CROWLEY, La. -- Fueled by white voter resentment and distrust of government, former Klansman David Duke appears poised to score a major triumph in tomorrow's election for governor of Louisiana.
Mr. Duke's resurgence has confounded the experts, who failed to anticipate the apparent breadth of his appeal and his ability to tap a national tide of voter alienation, which is running at flood levels in this economically troubled state.
On the eve of the open primary, in which both parties compete, polls show that Mr. Duke, a Republican state representative, is in a virtual three-way tie for the lead with Republican Gov. Charles E. "Buddy" Roemer III and former Gov. Edwin W. Edwards, a Democrat.
State politicians say that Mr. Duke stands a good chance of advancing into the runoff election Nov. 16.
Privately, at least one of Mr. Roemer's top campaign advisers predicted this week that Mr. Duke would finish first in tomorrow's balloting.
As he campaigned across the bayou country of southern Louisiana this week, Mr. Duke was ebullient. He said he sensed a greater level of acceptance than in his 1990 Senate race, when he outran by a considerable margin pre-election forecasts in taking almost 45 percent of the vote -- and 60 percent of the white vote -- against veteran Democratic Sen. J. Bennett Johnston.
"Are y'all ready for a new governor?" Mr. Duke shouted to supporters outside the Acadia Parish courthouse in Crowley, La. "We need a change."
An elderly Cajun, standing near the front of the all-white crowd, hollered a question of his own to the 41-year-old candidate.

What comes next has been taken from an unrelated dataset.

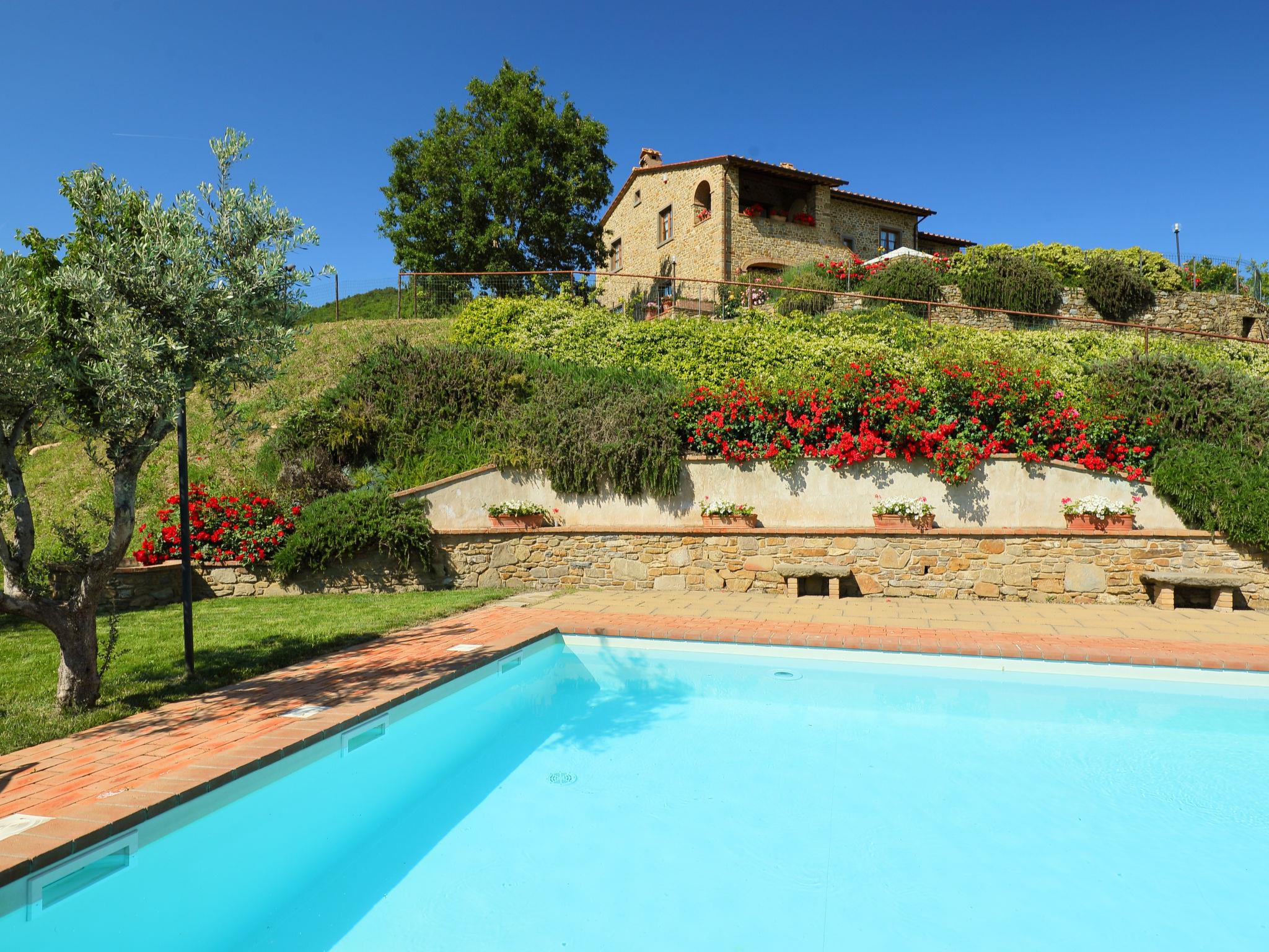 Stunning Tuscan countryside house with beautiful views. With private pool overlooking the estate olive groves this house makes a unique holiday place to spend a holiday. Villa "Zen", 350 m a.s.l., detached, renovated, surrounded by trees and fields. 5 km from the centre of Castiglion Fiorentino, 15 km from the centre of Cortona, 25 km from the centre of Arezzo, in a secluded, sunny position on top of a hill, 20 km from the lake, in the countryside. Private: property (fenced), beautiful garden to relax, swimming pool (12 x 7 m, depth 140 cm, seasonal availability: 01.May. - 15.Oct.). Outdoor shower, garden furniture, barbecue. In the house: internet access, washing machine. Motor access (500 m via unmade road, mountain road, ramp). Parking on the premises. Grocery 5 km, supermarket 5 km, restaurant 2 km, bus stop 2.5 km, bathing lake "Trasimeno" 20 km. Please note: car recommended.
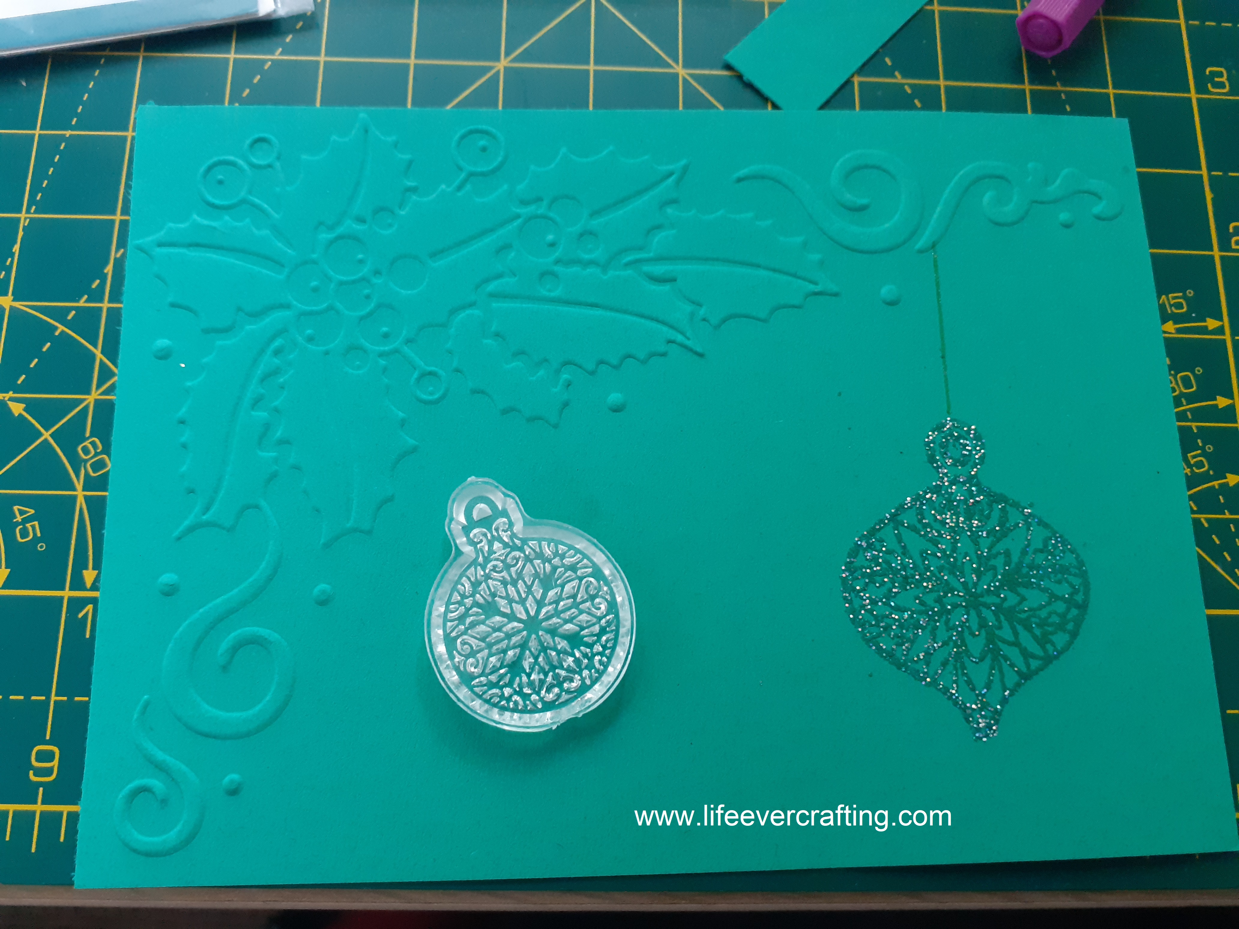 I did try a green-embossed sentiment – May your season sparkle – but the stamp I have of it doesn’t really work with embossing powder, so I shall have to have another think about that. In the meantime, I think another of the baubles will be a good idea. Still in green.

"Speak any French?" he asked.
"No I don't," Mr. Duke responded. "But I speak your language when it comes to taxes and welfare and government."
The square-shouldered, sandy-haired Mr. Duke, whose telegenic features have been improved through plastic surgery, is running a more sophisticated campaign these days. He has pared his staff to four paid workers, from 78 last year, he says, letting him pump more money into TV and radio ads.
Despite difficulty in measuring the "hidden" Duke vote -- those unwilling to tell pollsters they are supporting him, for fear of appearing racist -- his support hovers around the 30 percent mark, roughly the same as that for Mr. Roemer and Mr. Edwards.
Twelve names are on the ballot in all, including U.S. Representative Clyde C. Holloway, the endorsed candidate of the state Republican Party.
If none of them gets 50 percent of the vote, a runoff between the top two finishers will be necessary.
Mr. Duke's popularity remains rooted in his white supremacist views, and his campaign speeches contain numerous coded appeals to racial prejudice.
He attacks "welfare parasites," affirmative action, school busing and other policies he says discriminate against whites.
But his TV commercials shrewdly concentrate on mainstream issues such as cutting government spending and holding the line on tax increases.
In doing so, he adroitly touches many of the deepest concerns of white voters, including some linked less directly, if at all, to race. A recent analysis by the University of New Orleans Survey Research Center concluded that race appears to be "a less potent factor" in this election than it was in the Duke-Johnston Senate race.
The same study found that voter cynicism had reached epidemic levels in this state. Mr. Duke's political gains are directly related to white voters' disgust with government, which they believe has lost touch with them, the UNO report concluded.
The Duke campaign "is the most visible manifestation today of white backlash in America," said Susan Howell, the UNO political scientist who wrote the report.
"It began in the '60s with the civil rights movement and the [perceived failures of] Great Society programs. . . . Duke is the symbol of white reaction to those failures and to the feeling of the little white man who believes he has been forgotten by government."
Mr. Duke, who appears well-positioned to exploit the anti-government protest vote, has become, in effect, the racist reform candidate of 1991.
Remarkably, even those attempting to drive Mr. Duke from the political scene are deeply frustrated over the breakdown of government.
The Rev. James Stovall, who heads the Louisiana Coalition Against Racism and Nazism, says that the failures of national institutions, including government, have pushed problems down to the state level and allowed the Duke phenomenon to flourish.
"I hate to say this, because it plays into what Duke is saying. But the Louisiana Legislature has been taken over by PACs. The U.S. Congress has been taken over by PACs. . . . To be able to vote does not mean very much anymore," said Mr. Stovall, a retired United Methodist minister.
The anti-Duke organization, founded in 1989, the year of Mr. Duke's election to the Legislature, has attempted to expose the details of his involvement with Ku Klux Klan and neo-Nazi groups in the 1970s and 1980s.